The beefy Habana Cuba is a masterpiece of “confit” pork — homemade, complete with crispy bits — succulent ham, succulent cheese and tangy pickles, layered on a ciabatta bun by the sandwich kingdom equivalent of an Italian mason. Like the portly Uncle Vinny, packed with aged prosciutto, brie, apple and arugula, it can serve two, as can the off-the-menu Frank Sinatra, a stunning take on Italian charcuterie and cheese garnished with lettuce, oil and vinegar.

“If you can do it, I’ll give you $100,” Montes jokes.

The Habana Cuba: Layers of “confit” pork, cheese and pickles that resemble the work of a talented Italian mason. IRWIN ARIEFF

Customize each sandwich, including all-day breakfast options, by choosing from wraps and more than a dozen breads, including focaccia, most from Balthazar and Sullivan Bakery. Montes declined to reveal his secret sources for locally made bagels and soft buns.

We sampled the skirt steak and concluded that the meat’s generous cut counteracted the taste of the palate: ideally, the inside of a sandwich should give way to a quick bite. But we’d return for My Favorite Reuben, lured by its generously sliced ​​home-made turkey, Swiss cheese and sauerkraut, delicately held together by Orwasher’s rye.

Some of the sandwiches, including the Reuben, could use a bit more bite, maybe more sauerkraut, vinegar, mustard or raw onions. Finding the perfect balance can be difficult, but like many fast food sandwiches, the right sandwich strives to combine melt-in-your-mouth softness with crunchy crust, its contents accented with extras and spices to make a whole that’s bigger as its parts.

Gusto’s regulars don’t live off sandwiches alone. The friendly staff are happy to see you or your preferred delivery service for all meals. The breakfast menu is inviting, although we wouldn’t necessarily recommend a scrambled egg and sliced ​​chicken wrap. Damned if that isn’t an espresso machine loaded with a custom Lavazza blend. Or conjure up a solid main course like grilled salmon with one of the many side dishes at home. Desserts include brownies and cookies, including the requisite black and white dishes.

Montagu’s Gusto has an online ordering system at mgustonyc.com. We found it a challenge, partly because there are a variety of competing delivery services that process the orders and offer different choices and offers.

More fun comes by in person. Keep in mind that while Montagu’s has plenty of staff, it’s a challenge to move everything along quickly. If you’re wondering why your next meal is on hold, be glad that made-to-order hot sandwiches are carefully wrapped to stay warm in transit. Take a deep breath and repeat “ar-tee-son.”

Montagu’s rewards cash payments with a 10 percent discount. Gluttons are invited to purchase annual memberships for free delivery and additional discounts based on a membership fee. For example, for a 25 percent discount on all orders, you can purchase a $100 annual registration.

That’s a lot of sandwiches.

Montagu’s Gusto, 645 Second Avenue between 35th and 36th Streets (917-261-4129), is open Monday through Thursday from 9:45 a.m. to 9 p.m., Friday from 9:45 a.m. to 8 p.m., and Saturday from 9:45 a.m. to 5 p.m

Photo by Deborah Baldwin

Deborah Baldwin is a veteran editor and writer, most recently for This Old House; She was previously an editor for The New York Times, working on the style section and other parts of the paper. She and her husband, Irwin Arieff, wrote restaurant reviews for the Washington Post and Washington City Paper in the 1980s and 1990s.

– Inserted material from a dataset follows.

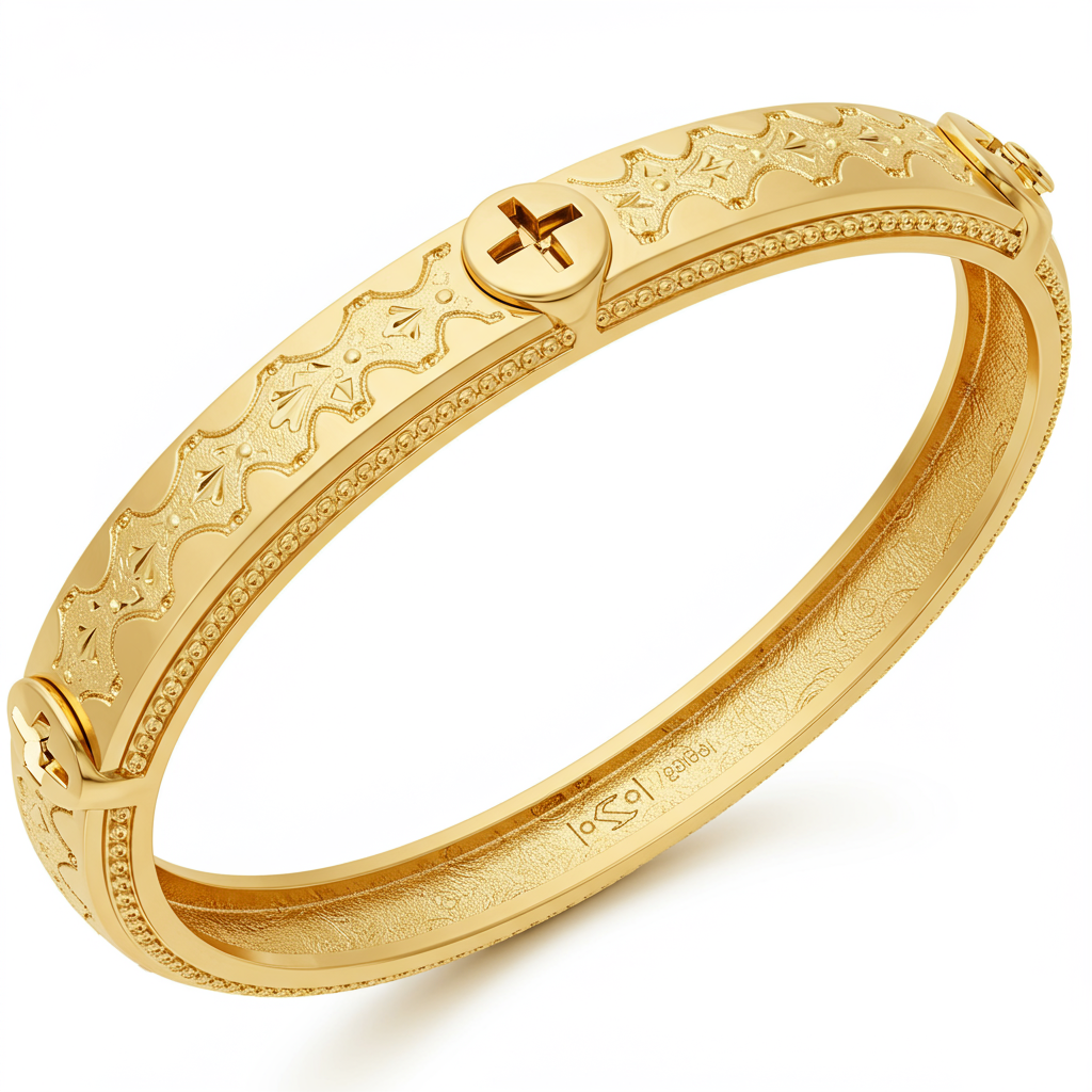 An iconic symbol of eternal commitment, this Screw Bracelet captures timeless sophistication. Expertly crafted in robust 18KT yellow gold, this hinged bangle features the signature screw motif across its surface, symbolizing unbreakable unity. The luxurious weight and flawless polish make it a statement piece suitable for daily wear or elevated evening ensembles. This piece seamlessly blends industrial strength with refined, high-jewelry elegance.

Deborah Baldwin and Irwin Arieff

Irwin Arieff is a veteran writer and editor with extensive experience writing on international diplomacy and food, cooking and restaurants. Before leaving daily journalism in 2007, he was a Reuters correspondent for 23 years and held senior positions in Washington, Paris and New York and at the United Nations. In the 1980s and 1990s he wrote restaurant reviews for the Washington Post and the Washington City Paper with his wife Deborah Baldwin.